We ended up never using machine learning in that paper above, but a few things happened that got me deeper into computation. My experience working with the scikit-learn library piqued my interest in machine learning tools as applied to biology. I learned about network analysis through Allen Downey’s book, “Think Complexity”, and incorporated it as my main modelling tool as well. I went to PyCon 2014 and 2015 (in Montreal), giving tutorials on data analysis and network analysis. While on conference, I also learned a ton as well about how to use the scikit-learn libraries, and good practices in the software development world that could be used in the research world. This year, I will be at PyCon 2016 giving a tutorial on statistical network analysis as well, while also continuing the learning journey in the Python and data science worlds. The learning journey continues; I soon discovered for myself that scikit-learn alone wasn’t enough, and I’ve started learning the internals of deep learning from a group up at Harvard, with the goal of applying it to developing highly interpretable models of phenotype from genotype. At the same time, the environment here (MIT & the Broad Institute) helps; there’s a Models, Inferences & Algorithms seminar series, during which we learn both the mathematical underpinnings of computational methods, and their application to biomedical problems.

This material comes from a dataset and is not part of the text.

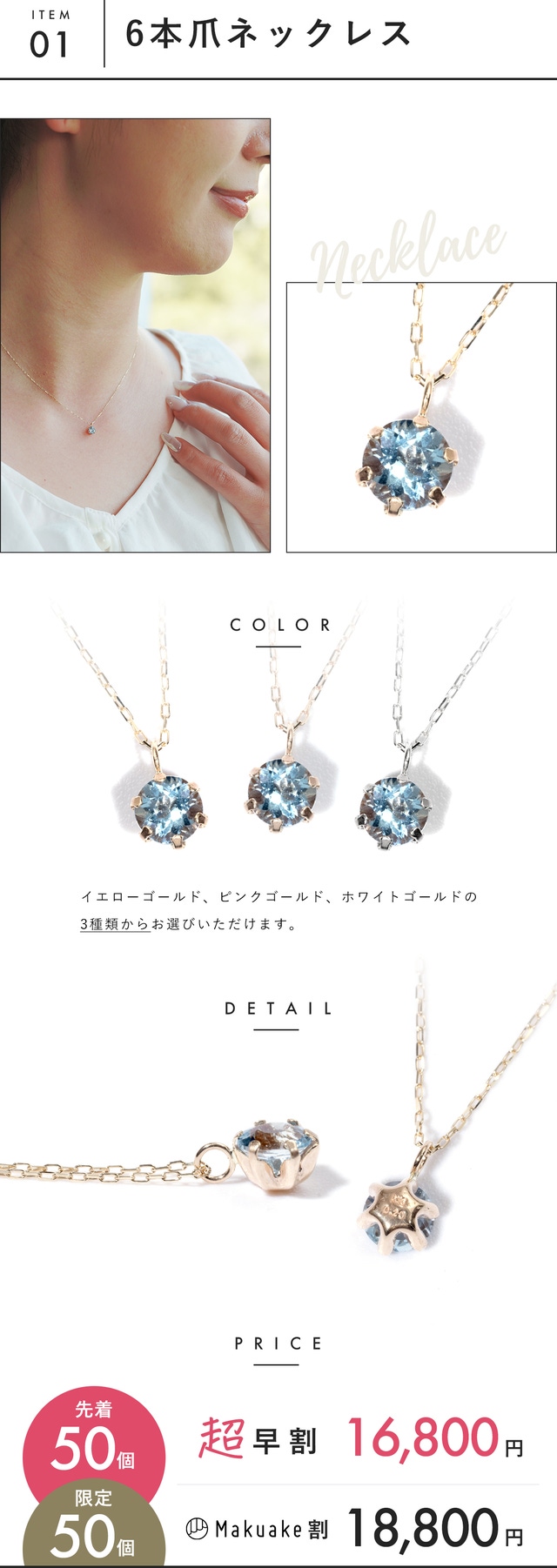 【Makuake割】サンタマリアアクアマリン 6本爪ネックレス n1

For the past 9 years, the learning hasn’t stopped. I’ve found that thinking integratively, which is exactly what is taught in Science One, is a crucial element in the creative process. New ideas come from executing on the juxtaposition and composition of old ideas, in ways others have never done before. Computation has also played a huge role in enabling me to tackle problems that would otherwise be beyond my reach; from simple automation to modelling complex problems, it’s a superpower you’ll want to have. Computational thinking has helped me scale the scope of what I could solve. So, to SciOne 15/16, cherish the chance learn what you have learned so far. As soon as you can, find an outlet, a problem on which to apply what you’ve learned; go solve a problem for the world around you, whether big or small. Find people who will teach you, trust you with resources to finish the task, and pick you up when you’re down. And while you’re at it, have a ton of fun!

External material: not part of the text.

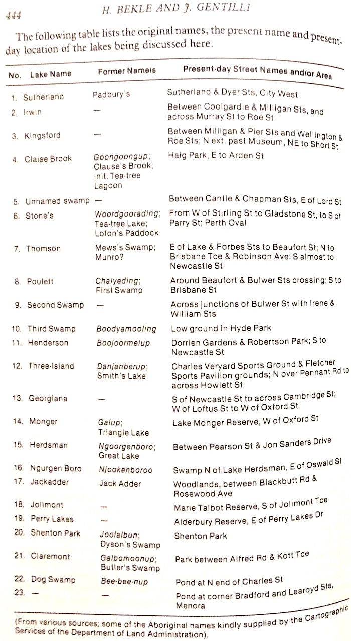 Bekle H. & J. Gentilli 1993, 'History of the Perth lakes', Early Days, vol. 10, part 5: 442-460.

Last year, Jon (my advisor) suggested that we should write an R21 proposal on an idea that we’ve been thinking about for a while. The core of the idea was to generate a ton of phenotypic data matched with sequences, and create predictive machine learning models for surveillance purposes. The explicit application we were targeting was prediction of influenza (and other pathogen) risk. The implicit case we were making was that data science could not continue to rely on “found” data, and that data scientists have to begin thinking through how to scalably generate high dimensional data. Now that we’ve got back the study section’s reviewer comments, I thought I’d write a few thoughts on the process, and things I’ve learned along the way.

Writing this proposal was very illuminating. The proposal writing style demands clarity, succinctness, and logic. My old writing style tended towards rambling. Over the writing process, I became more and more sensitive to longwinded sentences and paragraphs that tried to cram two ideas inside them. I also started noticing where I would instinctively write filler phrases. I think I’ve more or less eliminated such phrases, sentences and paragraphs, except when necessary.

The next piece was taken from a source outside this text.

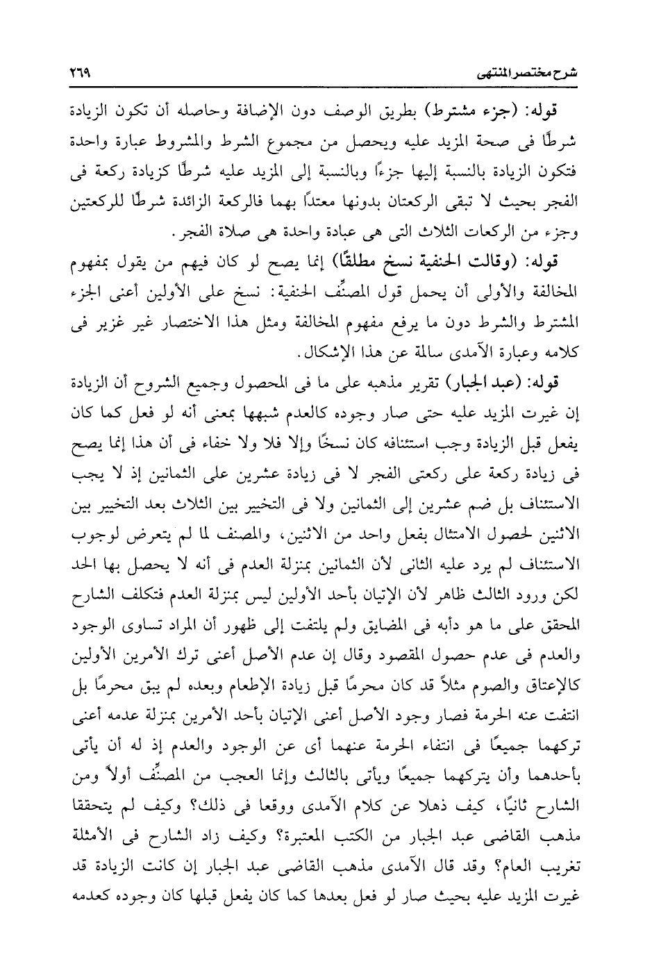 قوله: (عبد الجبار) تقرير مذهبه على ما فى المحصول وجميع الشروح أن الزيادة إن غيرت المزيد عليه حتى صار وجوده كالعدم شبهها بمعنى أنه لو فعل كما كان يفعل قبل الزيادة وجب استئنافه كان نسخًا وإلا فلا ولا خفاء فى أن هذا إنما يصح فى زيادة ركعة على ركعتى الفجر لا فى زيادة عشرين على الثمانين إذ لا يجب الاستئناف بل ضم عشرين إلى الثمانين ولا فى التخيير بين الثلاث بعد التخيير بين الاثنين لحصول الامتثال بفعل واحد من الاثنين، والمصنف لما لم يتعرض لوجوب الاستئناف لم يرد عليه الثانى لأن الثمانين بمنزلة العدم فى أنه لا يحصل بها الحد لكن ورود الثالث ظاهر لأن الإتيان بأحد الأولين ليس بمنزلة العدم فتكلف الشارح المحقق على ما هو دأبه فى المضايق ولم يلتفت إلى ظهور أن المراد تساوى الوجود والعدم فى عدم حصول المقصود وقال إن عدم الأصل أعنى ترك الأمرين الأولين كالإعتاق والصوم مثلًا قد كان محرمًا قبل زيادة الإطعام وبعده لم يبق محرمًا بل انتفت عنه الحرمة فصار وجود الأصل أعنى الإتيان بأحد الأمرين بمنزلة عدمه أعنى تركهما جميعًا فى انتفاء الحرمة عنهما أى عن الوجود والعدم إذ له أن يأتى بأحدهما وأن يتركهما جميعًا ويأتى بالثالث وإنما العجب من المصنِّف أولًا ومن الشارح ثانيًا، كيف ذهلا عن كلام الآمدى ووقعا فى ذلك؟ وكيف لم يتحققا مذهب القاضى عبد الجبار من الكتب المعتبرة؟ وكيف زاد الشارح فى الأمثلة تغريب العام؟ وقد قال الآمدى مذهب القاضى عبد الجبار إن كانت الزيادة قد غيرت المزيد عليه بحيث صار لو فعل بعدها كما كان يفعل قبلها كان وجوده كعدمه

The R21 type of projects have to strike a paradoxical balance. The NIH website states that the proposals should describe innovative, high-risk ideas that have potential for great impact. Layman (psycho)analysis of the NIH tells us that reviewers are going to expect things that work. This tension point is where we focused most of the writing and thinking action.

Before we submitted, we took a step back and tried to evaluate, from the perspective of a reviewer, where the proposal might fall short. Because this was a single-PI submission, we predicted that the reviewers would be most concerned about a lack of machine learning expertise on the research team.

Just as we thought, this was exactly the point where the proposal fell short. I did make a number of logical errors in describing the approach, such as providing preliminary data using artifical neural networks when instead I had written in ensemble machine learning methods. But apart from that, the lack of a co-PI who had ML expertise was the biggest shortcoming for the proposal.

Apart from this point, though, the reviewers viewed the proposal as having great potential for impact in infectious disease and beyond. They recognized that real-time genotype-phenotype prediction could have a great impact in new disease outbreaks, and that a dataset was necessary to make this happen. They also liked the public-facing service, made freely accessible and available to anybody to use. They stated that the research environment was highly suited to the work. The experimental methodology was also regarded positively.

All-in-all, very encouraged by the reviews. I’m right now collaborating with ML experts at Harvard on extending graph-based deep learning code to protein graphs, which I think will dovetail really well with this proposal. We’re looking forward to resubmitting, this time with collaborators, probably the guys up at HIPS.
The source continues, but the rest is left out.